[What you are asked to do]: Transcribe exactly, leaving out pictures, the lines from the one that holds "[18 มีนาคม 2567]" through the end of the data below, including both end lines and no others.

[Data provided]:
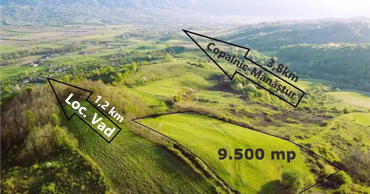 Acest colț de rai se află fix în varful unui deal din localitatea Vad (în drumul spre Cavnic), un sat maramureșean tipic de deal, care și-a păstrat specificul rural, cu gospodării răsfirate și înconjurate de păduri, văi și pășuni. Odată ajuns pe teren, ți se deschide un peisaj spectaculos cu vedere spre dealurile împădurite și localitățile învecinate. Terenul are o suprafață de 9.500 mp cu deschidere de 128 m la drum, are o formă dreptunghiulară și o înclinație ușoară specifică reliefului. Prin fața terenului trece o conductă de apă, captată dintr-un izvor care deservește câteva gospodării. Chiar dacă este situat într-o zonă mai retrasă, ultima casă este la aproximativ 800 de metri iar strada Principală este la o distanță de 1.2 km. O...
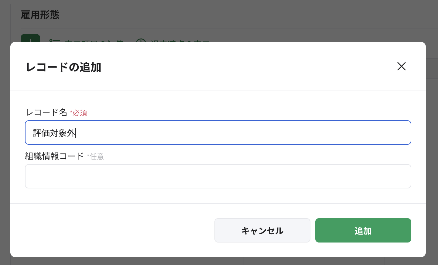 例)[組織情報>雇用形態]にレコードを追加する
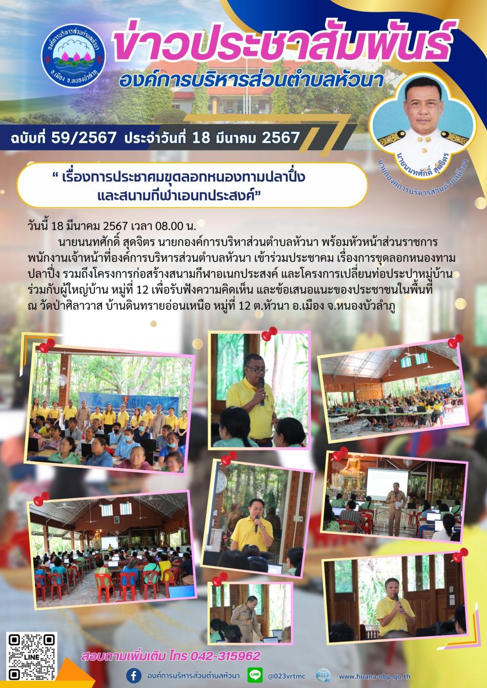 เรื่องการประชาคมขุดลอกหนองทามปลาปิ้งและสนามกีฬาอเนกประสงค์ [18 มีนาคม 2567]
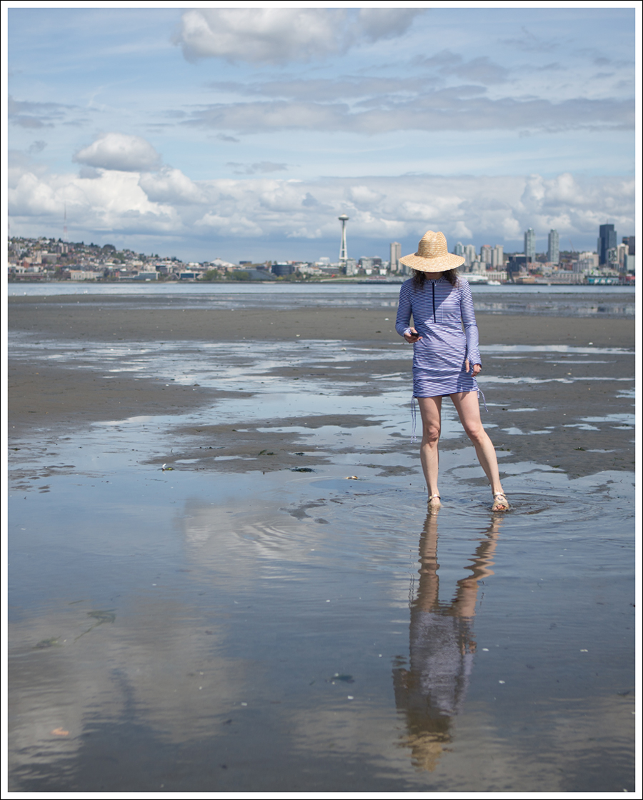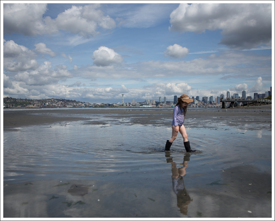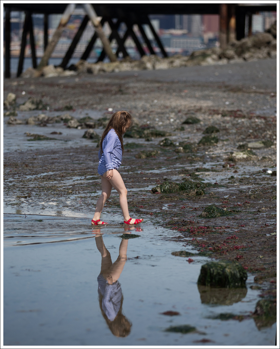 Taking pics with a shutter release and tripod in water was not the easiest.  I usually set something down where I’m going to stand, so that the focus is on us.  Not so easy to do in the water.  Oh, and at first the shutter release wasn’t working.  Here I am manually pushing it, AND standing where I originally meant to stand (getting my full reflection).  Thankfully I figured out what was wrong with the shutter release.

[Reply]:
 เรื่องการประชาคมขุดลอกหนองทามปลาปิ้งและสนามกีฬาอเนกประสงค์ [18 มีนาคม 2567]
 Taking pics with a shutter release and tripod in water was not the easiest.  I usually set something down where I’m going to stand, so that the focus is on us.  Not so easy to do in the water.  Oh, and at first the shutter release wasn’t working.  Here I am manually pushing it, AND standing where I originally meant to stand (getting my full reflection).  Thankfully I figured out what was wrong with the shutter release.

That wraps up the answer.